Activity: For the material below, return exactly the lines starting at the line containing "针对钉钉、、、、企微、、、I" and ending at the line containing "On hot days, you", both ends included, and no others.

Supplied entries:

+++++

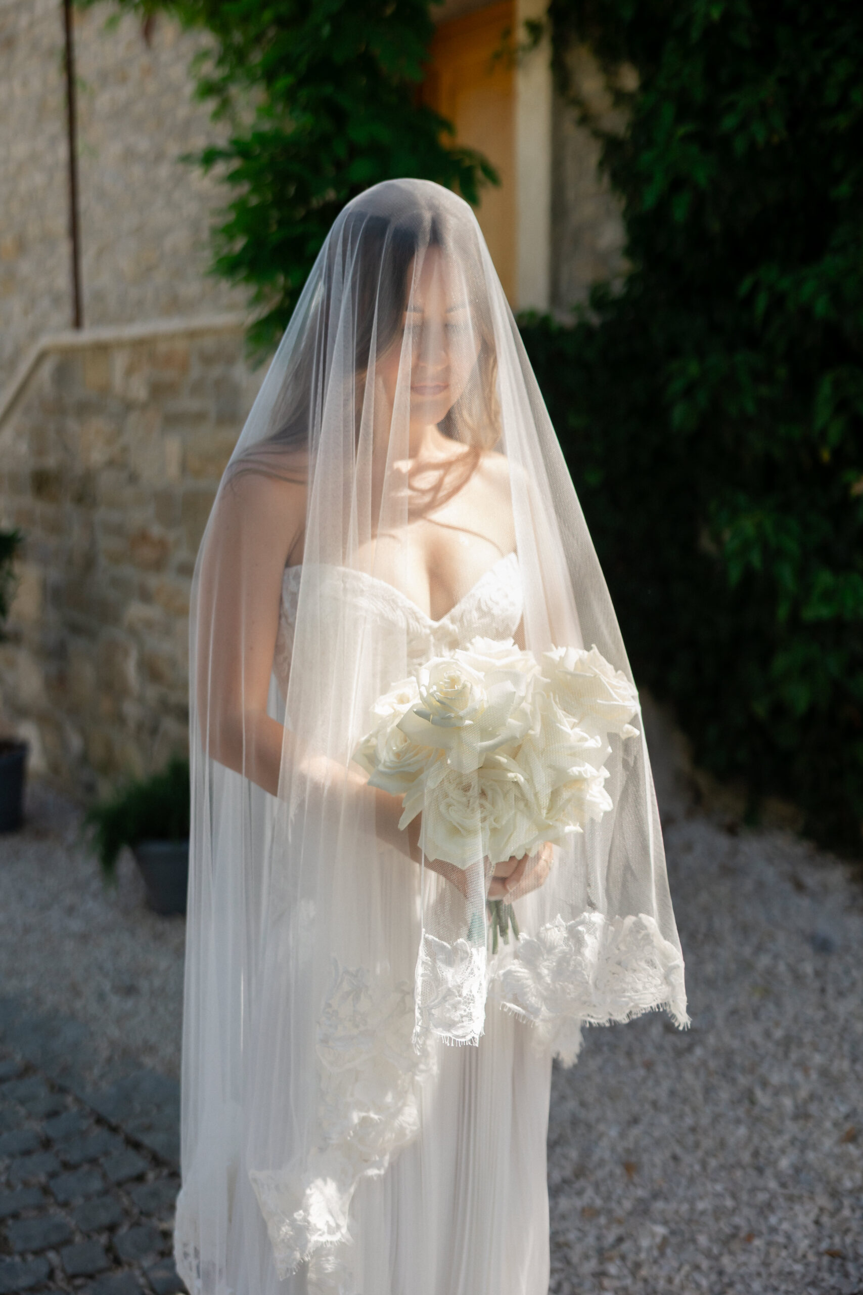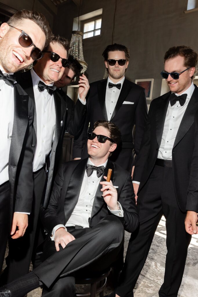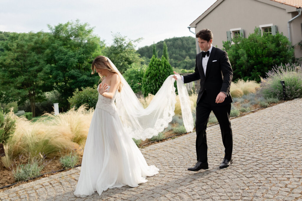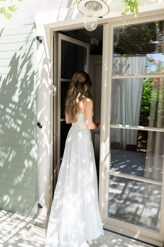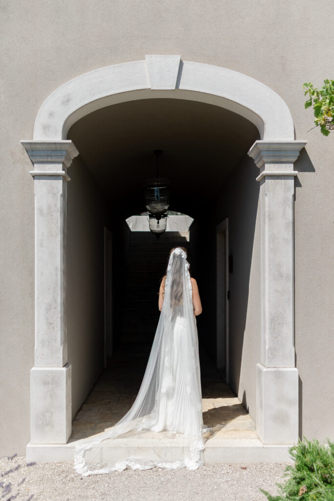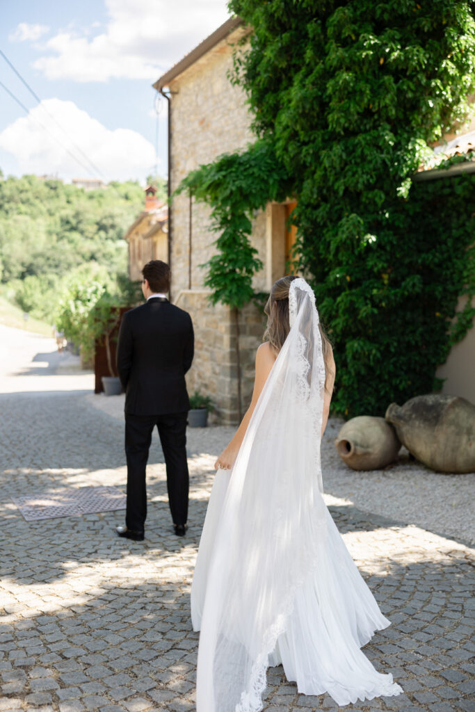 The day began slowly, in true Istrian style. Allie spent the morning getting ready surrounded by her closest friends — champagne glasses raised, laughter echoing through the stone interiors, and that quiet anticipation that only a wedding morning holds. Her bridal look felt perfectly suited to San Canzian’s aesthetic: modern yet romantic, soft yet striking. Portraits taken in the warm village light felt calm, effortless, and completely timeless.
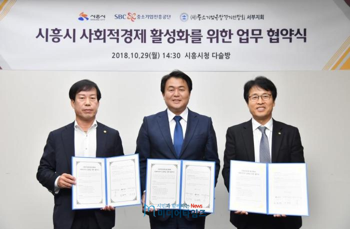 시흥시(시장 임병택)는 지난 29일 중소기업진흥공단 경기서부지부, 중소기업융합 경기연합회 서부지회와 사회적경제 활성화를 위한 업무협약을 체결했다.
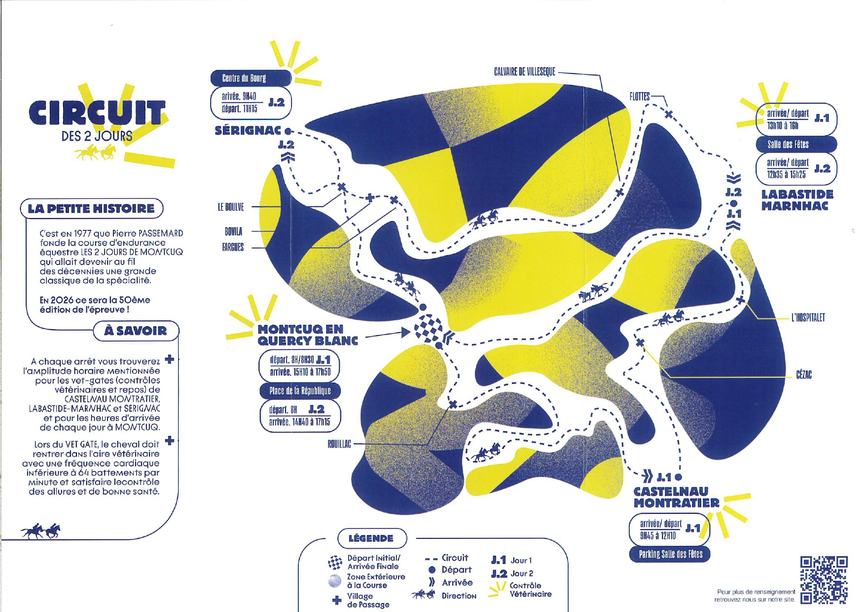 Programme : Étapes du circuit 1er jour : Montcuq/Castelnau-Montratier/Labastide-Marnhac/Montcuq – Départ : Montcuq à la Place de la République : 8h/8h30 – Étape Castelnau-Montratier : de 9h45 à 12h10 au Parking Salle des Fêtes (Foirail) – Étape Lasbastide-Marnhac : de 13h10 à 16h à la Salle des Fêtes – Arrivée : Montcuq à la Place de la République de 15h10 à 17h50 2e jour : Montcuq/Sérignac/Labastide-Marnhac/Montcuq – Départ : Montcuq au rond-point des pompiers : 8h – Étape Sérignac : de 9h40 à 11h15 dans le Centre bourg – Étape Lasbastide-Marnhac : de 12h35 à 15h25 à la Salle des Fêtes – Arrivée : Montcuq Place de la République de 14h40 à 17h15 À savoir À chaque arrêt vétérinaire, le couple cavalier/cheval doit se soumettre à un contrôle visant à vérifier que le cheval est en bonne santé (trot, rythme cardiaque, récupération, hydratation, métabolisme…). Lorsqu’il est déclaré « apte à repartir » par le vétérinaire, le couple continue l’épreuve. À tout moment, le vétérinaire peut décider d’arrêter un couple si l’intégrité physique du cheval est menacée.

+++++

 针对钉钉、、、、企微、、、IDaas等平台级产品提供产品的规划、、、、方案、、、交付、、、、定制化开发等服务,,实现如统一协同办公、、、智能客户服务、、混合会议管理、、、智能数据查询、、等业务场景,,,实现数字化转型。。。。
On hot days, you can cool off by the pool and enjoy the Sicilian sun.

+++++

Output below:
 针对钉钉、、、、企微、、、IDaas等平台级产品提供产品的规划、、、、方案、、、交付、、、、定制化开发等服务,,实现如统一协同办公、、、智能客户服务、、混合会议管理、、、智能数据查询、、等业务场景,,,实现数字化转型。。。。
On hot days, you can cool off by the pool and enjoy the Sicilian sun.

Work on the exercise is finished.